ASSIGNMENT:
Could you transcribe each record below exactly as written, setting the pictures aside?

Data extracted from a collection
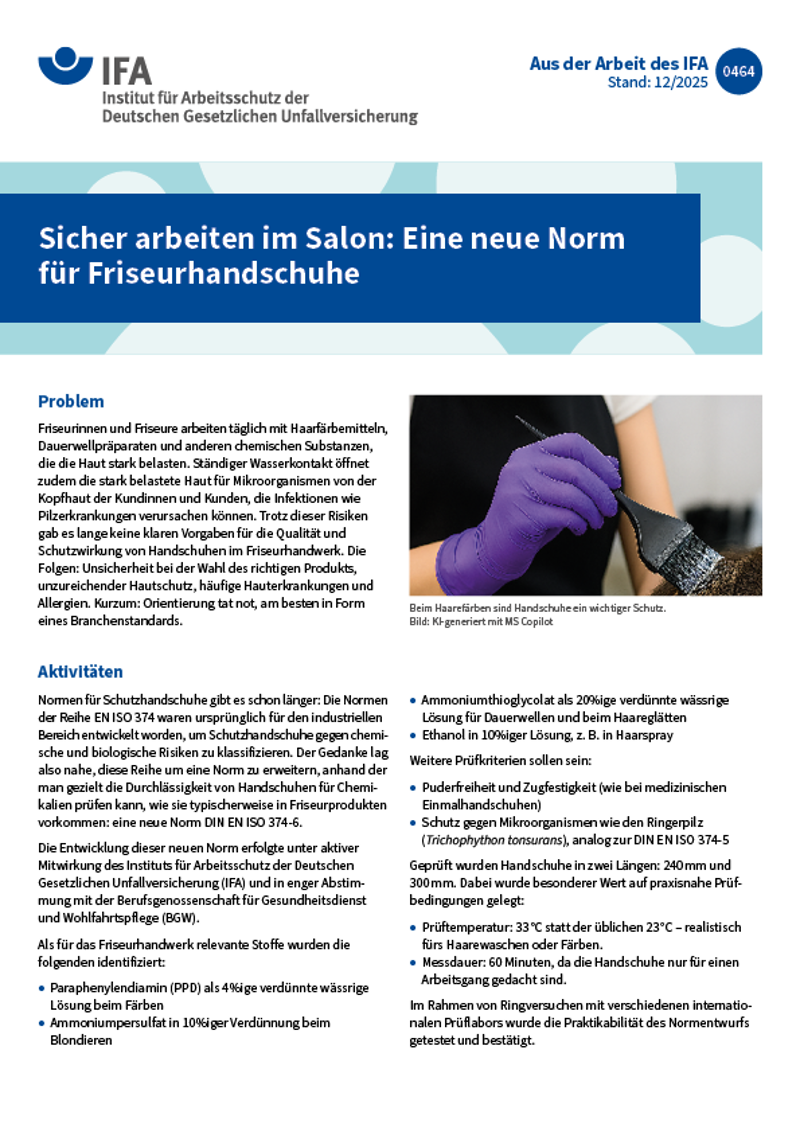 Die Informationsblätter "Aus der Arbeit des IFA" und "Aus der Arbeit der DGUV Akademie" stellen ausgewählte Aktivitäten der beiden Einrichtungen kurz und übersichtlich dar. Sie geben auch Hinweise auf weiterführende Literatur und Ansprechpersonen.
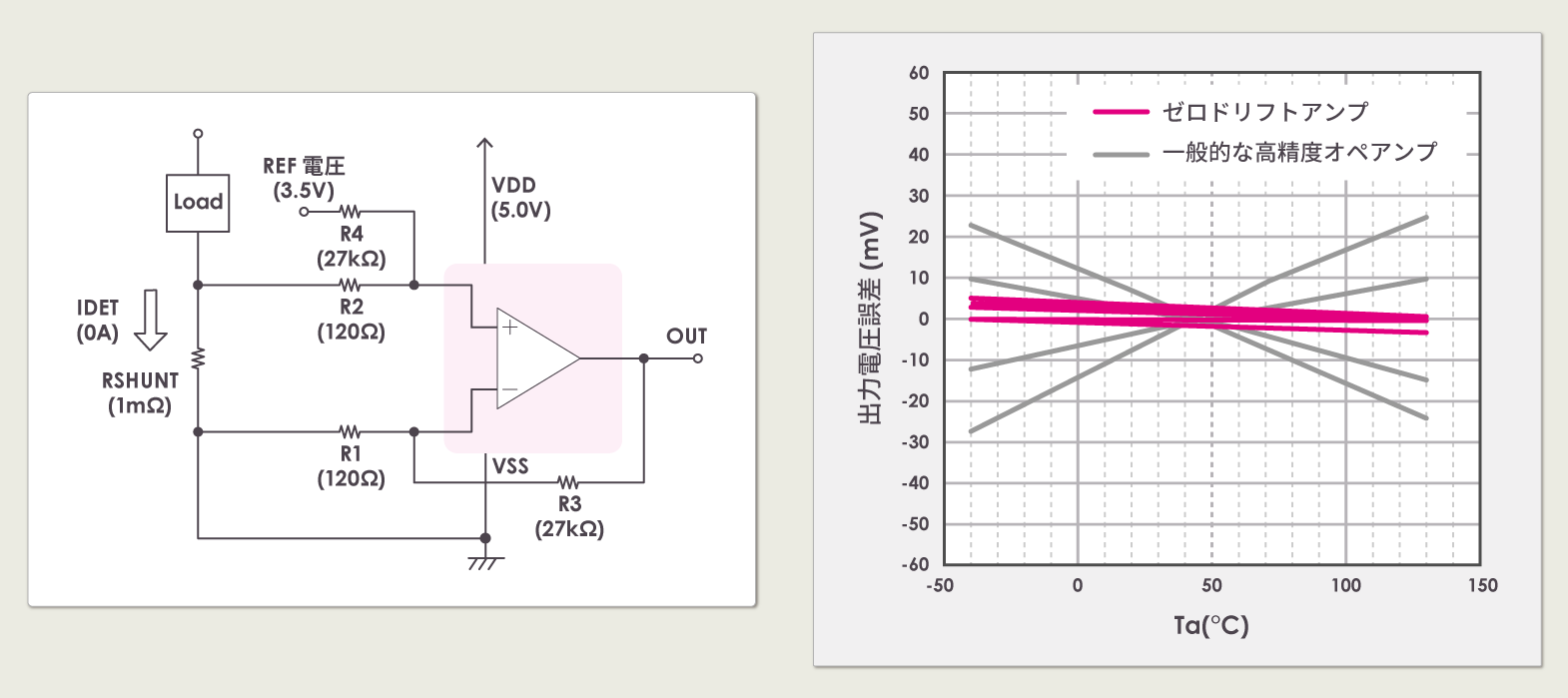 一方、ゼロドリフトアンプは入力オフセット電圧を自動補正しているため、温度変化により入力オフセット電圧が変化しても、入力オフセット電圧を常に限りなく最小に補正することができ、出力電圧誤差を小さく抑えることができます。
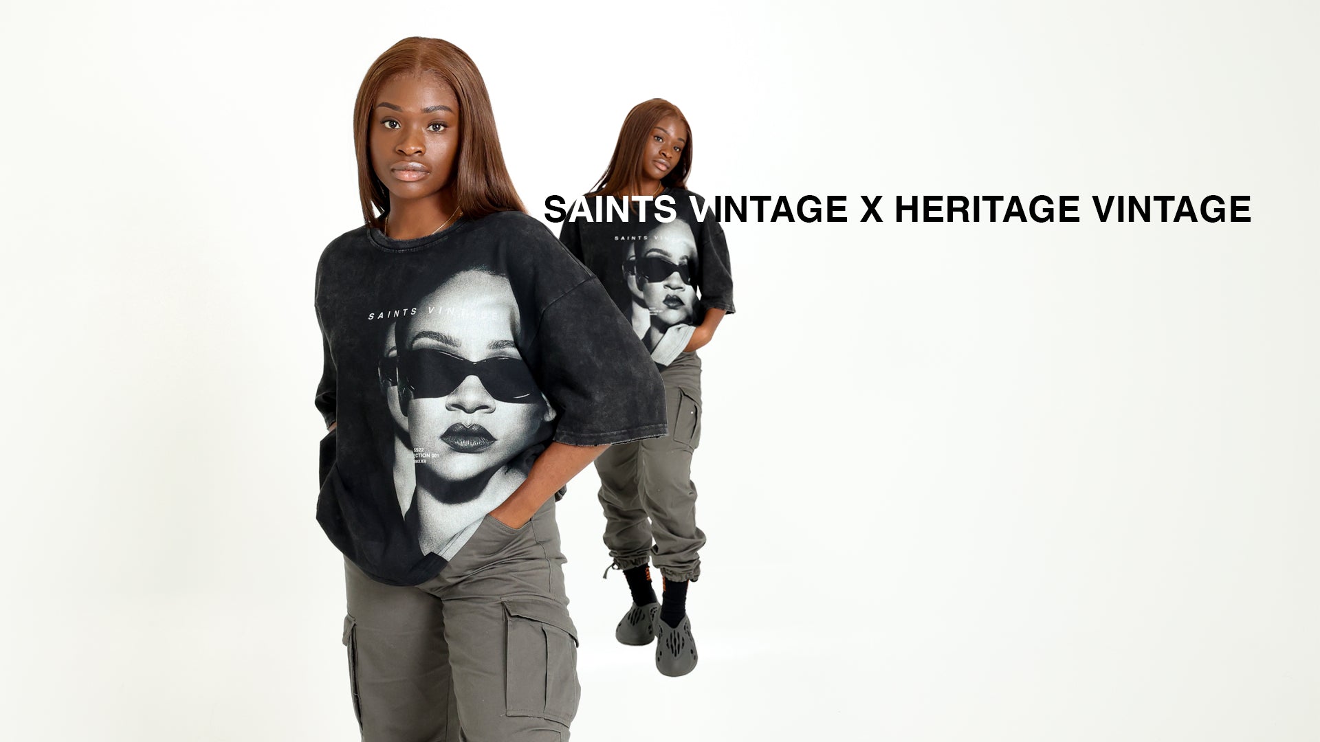Saints vintage washed black t-shirt. This product is made from one of the best garments. Acid wash and slightly oversized for the ultimate luxurious streetwear feel. Rihanna graphic print on the front with Saints Vintage orange label at the bottom right of the shirt
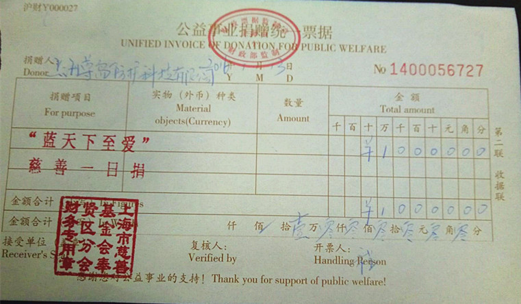 公司為“藍(lán)天下的至愛”慈善募捐活動添磚加瓦
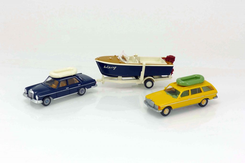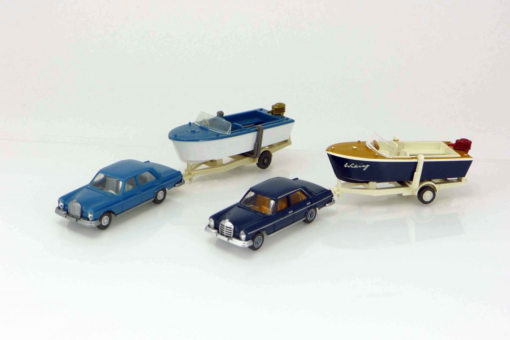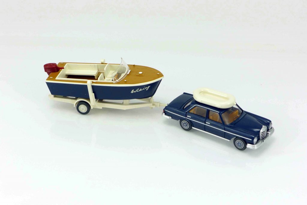 Wiking-Modelle mit angehängtem Motorboot gab schon im Jahr 1963 in Form einer Geschenkpackung mit dem Mercedes 300d als Zugfahrzeug, ab 1974 mit dem Chevrolet Malibu. Verpackt waren diese Gespanne in einer Hartplastikbox. Michi Bloeßl hatte den Gedanken, diese Verpackung auch zu verwenden, aber das hätte das Modell zusätzlich verteuert. In den Jahren 2003 und 2004 lieferte Wiking selbst ein Mercedes 250 SE Coupé W111 mit angehängtem Motorboot.
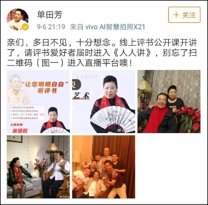 又在數天前,許久沒有更新微博的單老發了文,支持女兒單慧莉的評書公開課。當時不少網友在評論區留言稱“單老師一定要長命百歲”“單老師身體健康”。
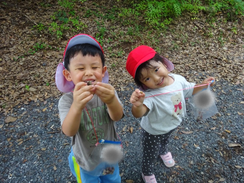 秋探しに志井川周辺に散歩に行きました。枯れ葉やドングリ、虫のこえなど発見がたくさんで目をキラキラとさせていました!お気に入りの物はお散歩バッグに入れて持ち帰り♪園に帰っても「たのしかったね」と友だちとお話ししていましたよ。 |
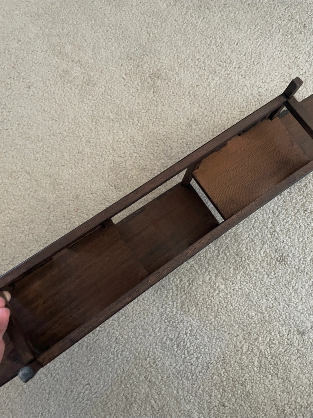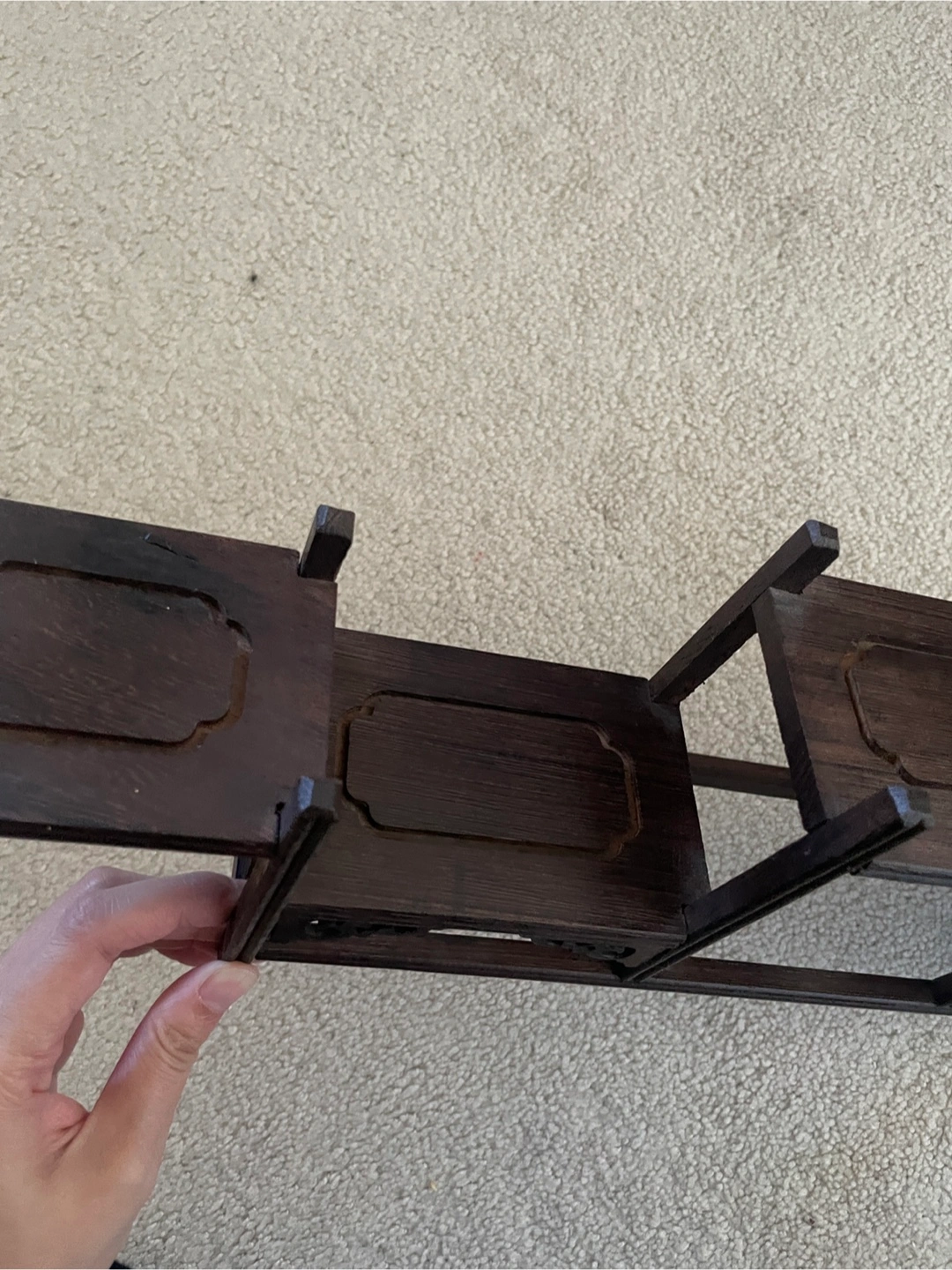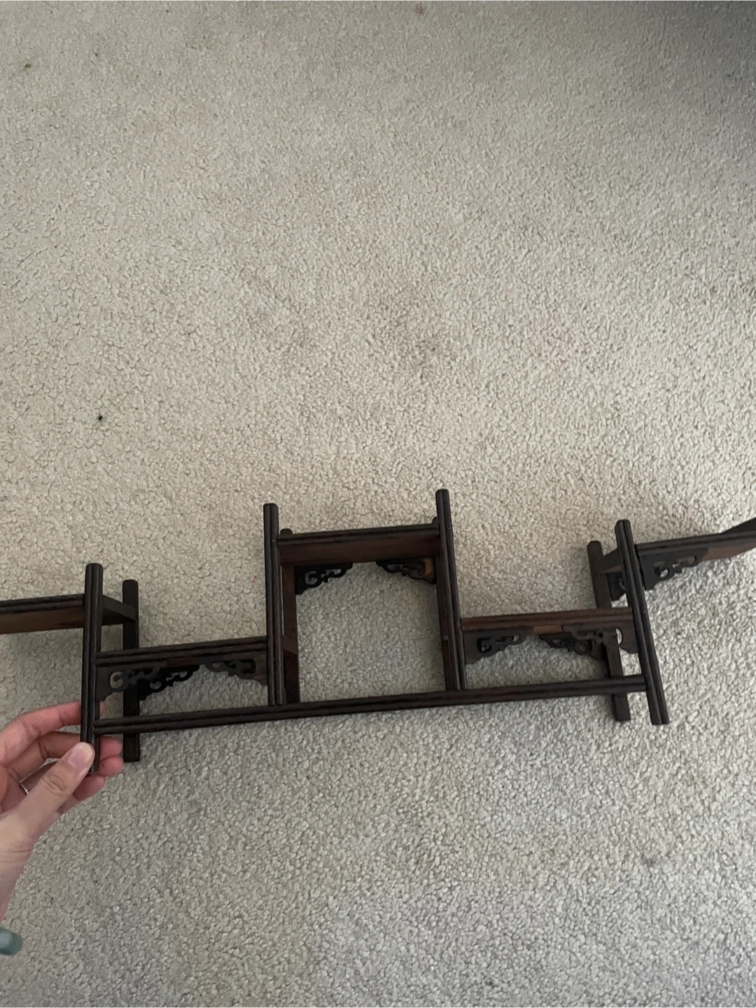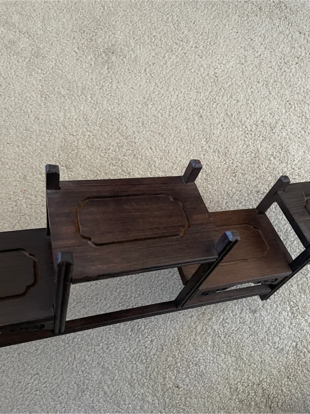 Dark wood tiered shelf with decorative cutouts. It's a lovely piece for displaying small items like plants or collectibles. Perfect for adding a touch of elegance to any room!

WRITTEN RESPONSE:
 Die Informationsblätter "Aus der Arbeit des IFA" und "Aus der Arbeit der DGUV Akademie" stellen ausgewählte Aktivitäten der beiden Einrichtungen kurz und übersichtlich dar. Sie geben auch Hinweise auf weiterführende Literatur und Ansprechpersonen.
 一方、ゼロドリフトアンプは入力オフセット電圧を自動補正しているため、温度変化により入力オフセット電圧が変化しても、入力オフセット電圧を常に限りなく最小に補正することができ、出力電圧誤差を小さく抑えることができます。
Saints vintage washed black t-shirt. This product is made from one of the best garments. Acid wash and slightly oversized for the ultimate luxurious streetwear feel. Rihanna graphic print on the front with Saints Vintage orange label at the bottom right of the shirt
 公司為“藍(lán)天下的至愛”慈善募捐活動添磚加瓦
 Wiking-Modelle mit angehängtem Motorboot gab schon im Jahr 1963 in Form einer Geschenkpackung mit dem Mercedes 300d als Zugfahrzeug, ab 1974 mit dem Chevrolet Malibu. Verpackt waren diese Gespanne in einer Hartplastikbox. Michi Bloeßl hatte den Gedanken, diese Verpackung auch zu verwenden, aber das hätte das Modell zusätzlich verteuert. In den Jahren 2003 und 2004 lieferte Wiking selbst ein Mercedes 250 SE Coupé W111 mit angehängtem Motorboot.
 又在數天前,許久沒有更新微博的單老發了文,支持女兒單慧莉的評書公開課。當時不少網友在評論區留言稱“單老師一定要長命百歲”“單老師身體健康”。
 秋探しに志井川周辺に散歩に行きました。枯れ葉やドングリ、虫のこえなど発見がたくさんで目をキラキラとさせていました!お気に入りの物はお散歩バッグに入れて持ち帰り♪園に帰っても「たのしかったね」と友だちとお話ししていましたよ。 |
 Dark wood tiered shelf with decorative cutouts. It's a lovely piece for displaying small items like plants or collectibles. Perfect for adding a touch of elegance to any room!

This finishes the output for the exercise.